(Bloomberg) -- Diving deeper into the world of competitive video-game action, GameStop Corp. acquired naming rights to a new training facility being built on the grounds of the Dallas Cowboys headquarters.
The 11,000-square-foot GameStop Performance Center will include a public area where fans can watch matches, as well as a studio and training facility for CompLexity Gaming’s players. CompLexity Gaming, majority-owned by the Dallas Cowboys’ Jerry Jones and real estate investor John Goff, fields teams playing Fortnite and other titles.
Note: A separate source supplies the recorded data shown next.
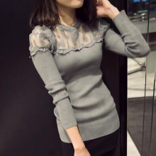 2017韩版春装新款性感蕾丝修身显瘦长袖T恤女潮打底衫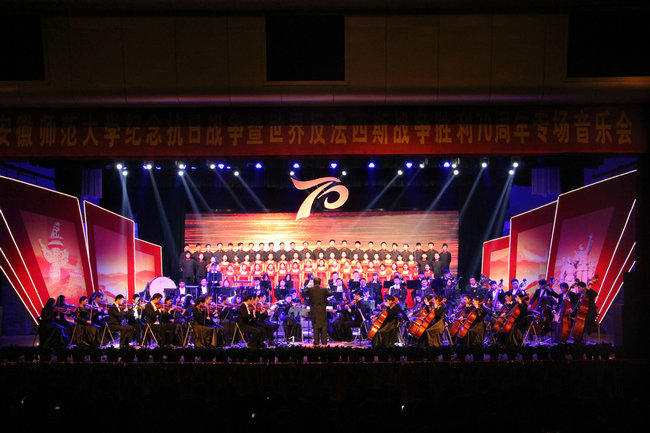 本网讯(TapTap点点 于珊珊/文 白婧/图)传播高雅艺术,聆听红色经典。11月12日,TapTap点点官方网站纪念抗日战争暨世界反法西斯战争胜利70周年专场音乐会在花津校区大礼堂精彩呈现,为广大师生送上了一场奋进激昂的抗战主题音乐盛宴,也以音乐的名义向历史、向伟大的中国共产党致敬。公司党委书记顾家山、参加第28次全国部分高师院公司党建研讨会和第27次安徽省高校思政研究会(皖南片分会)会议的60余所高校百余名代表和公司千余名师生观看了演出。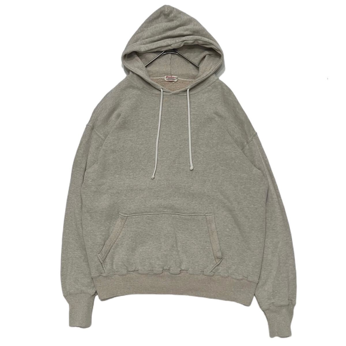 > 【 WAREHOUSE 】 美品 2本針 フード 無地 スウェット パーカ 42 XL ビッグ 杢 グレー パーカ 日本製 ウェアハウス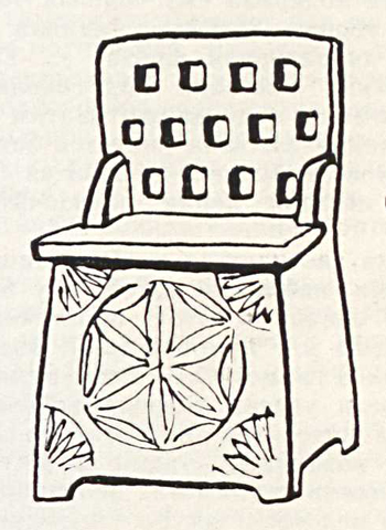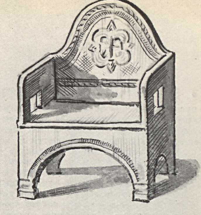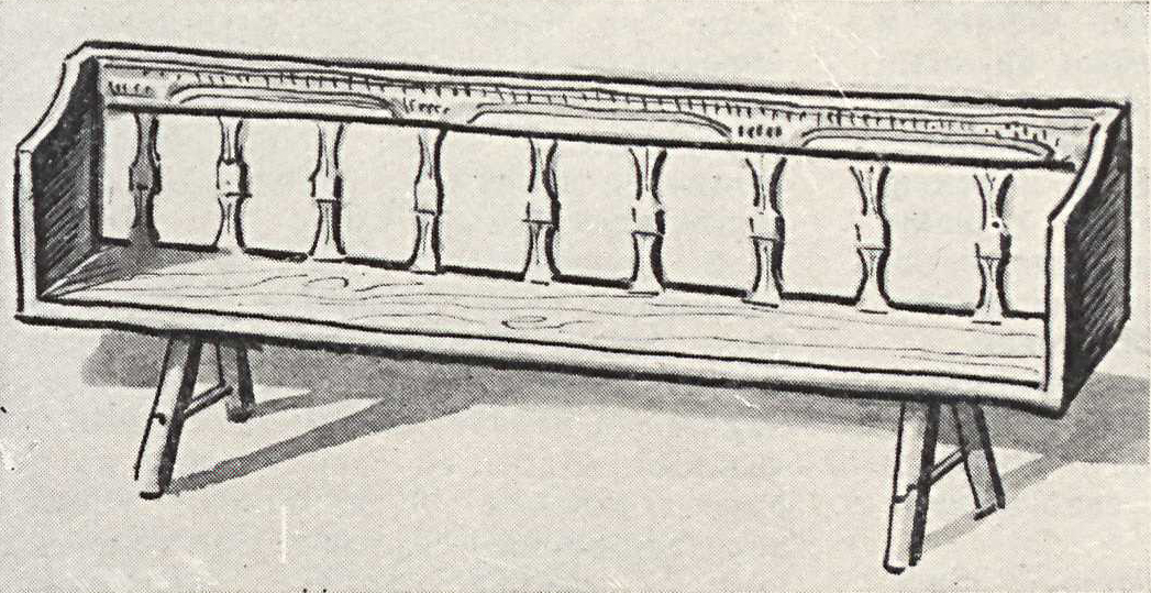 В таком интерьере, кроме встроенных, а они наверняка были, находят место переносные лавки-скамьи с невысокими спинками, зачастую украшенными орнаментом. Большинство из них имело простые монументальные формы, соразмерные с интерьером и человеком (длина спинок около двух метров).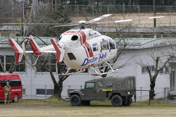 石川・能登半島地震で患者を搬送するドクターヘリ(C)共同通信社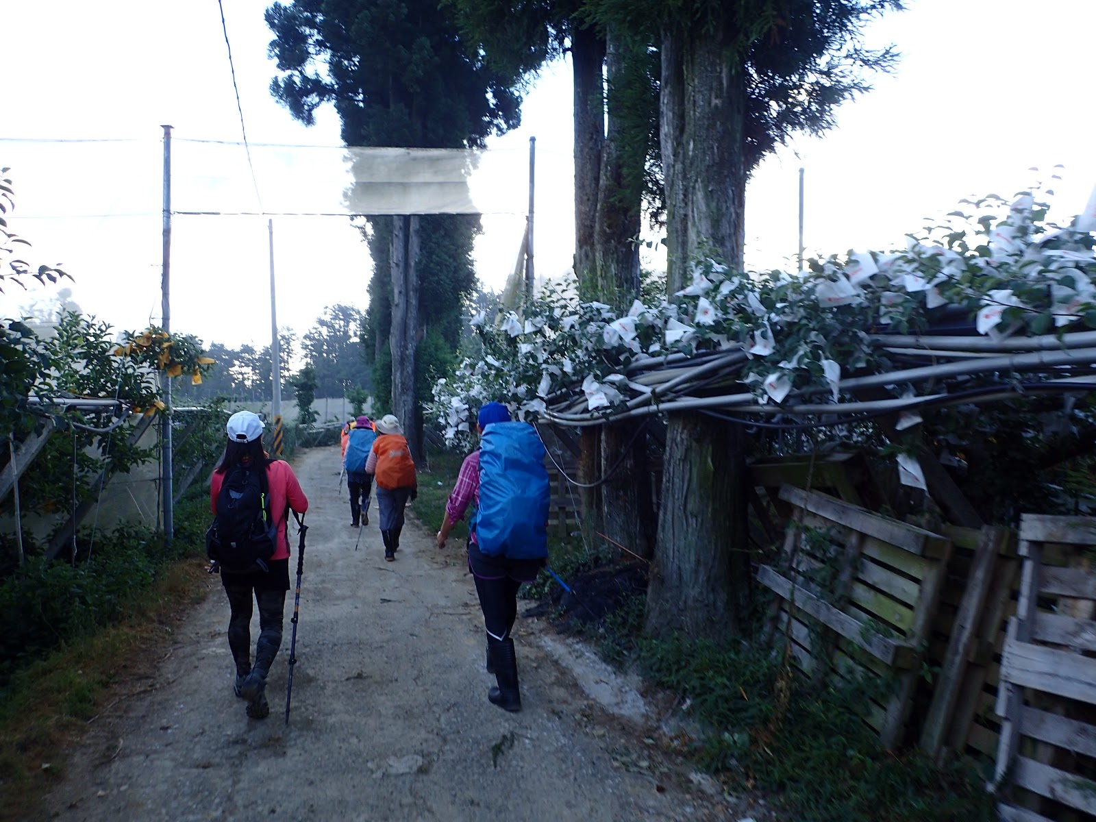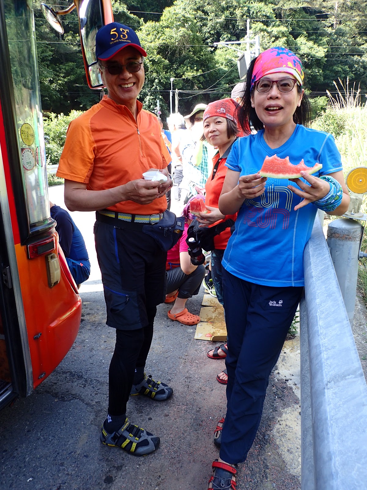 下午4:00館前路集合, 19:00來到南山雨下好大, 在車上吃台鐵便當, 21:00抵達環清宮, 洗臉刷牙後睡覺, 次日3:30起床, 4:00吃早餐, 5:00出發, 一切都在小李哥掌握中 ( 搭乘國光客運, 羅東1764梨山, 豫立商行站可到耶) , 大巴續行至台7甲處, 下車整裝, 踢到路口遇青葉農場的指標

Financial terms weren’t given.
CompLexity’s players will be able to eat breakfast and lunch five days a week right next to the Cowboys. “This is a big step toward the growth of esports,” said Jason Lake, chief executive officer of CompLexity. “When you get this kind of support it helps legitimize everything we’ve been doing for years.”
The deal ties GameStop, the world’s largest independent video-game retailer, to the world’s most valuable sports franchise, the source of most of Jones’s $6 billion net worth. Ford Motor Co. is the naming-rights sponsor of the Cowboys’ practice field at the headquarters complex, in Frisco, Texas.
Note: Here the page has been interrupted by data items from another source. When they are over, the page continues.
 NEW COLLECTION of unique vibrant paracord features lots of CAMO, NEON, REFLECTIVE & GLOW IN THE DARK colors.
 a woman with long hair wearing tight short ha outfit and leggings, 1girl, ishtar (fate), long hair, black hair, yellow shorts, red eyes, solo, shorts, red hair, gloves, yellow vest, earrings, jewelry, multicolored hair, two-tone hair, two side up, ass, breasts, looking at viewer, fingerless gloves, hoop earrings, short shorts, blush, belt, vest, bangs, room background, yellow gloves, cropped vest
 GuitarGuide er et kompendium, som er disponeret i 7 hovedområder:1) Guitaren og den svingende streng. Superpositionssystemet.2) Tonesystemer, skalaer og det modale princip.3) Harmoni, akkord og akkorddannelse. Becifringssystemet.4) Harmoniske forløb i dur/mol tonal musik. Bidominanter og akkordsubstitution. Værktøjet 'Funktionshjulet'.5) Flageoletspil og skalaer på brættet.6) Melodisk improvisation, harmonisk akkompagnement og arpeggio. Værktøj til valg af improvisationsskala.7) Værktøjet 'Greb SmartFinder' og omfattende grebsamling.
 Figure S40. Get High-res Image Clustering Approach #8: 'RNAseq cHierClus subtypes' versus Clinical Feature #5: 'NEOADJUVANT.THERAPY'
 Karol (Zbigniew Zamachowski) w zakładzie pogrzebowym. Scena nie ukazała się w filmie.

The esports industry, supported by fans who watch professional gamers compete online and in arenas, is expected to top $1 billion in revenue this year, according to researcher Newzoo. Companies from AT&T Inc. to HP Inc. have sponsored events, which are popular among younger audiences who may not watch traditional sports.
GameStop has been looking for new ways to connect with customers who increasingly skip brick-and-mortar stores and buy games online. The Grapevine, Texas-based company sponsored some events last year, including an autograph signing by the Dallas Fuel, an Overwatch League team, that drew hundreds of fans.
“That was a toe in the water,” said Frank Hamlin, GameStop’s chief marketing officer. “Now we’re all in.”
GameStop has also established relationships with Infinite Esports and Envy Gaming, two esports team owners, as well as Matcherino and the Collegiate Starleague, which sponsor esports tournaments. The deals will include appearances by athletes, gaming clinics and tournament-watching parties, often in GameStop stores.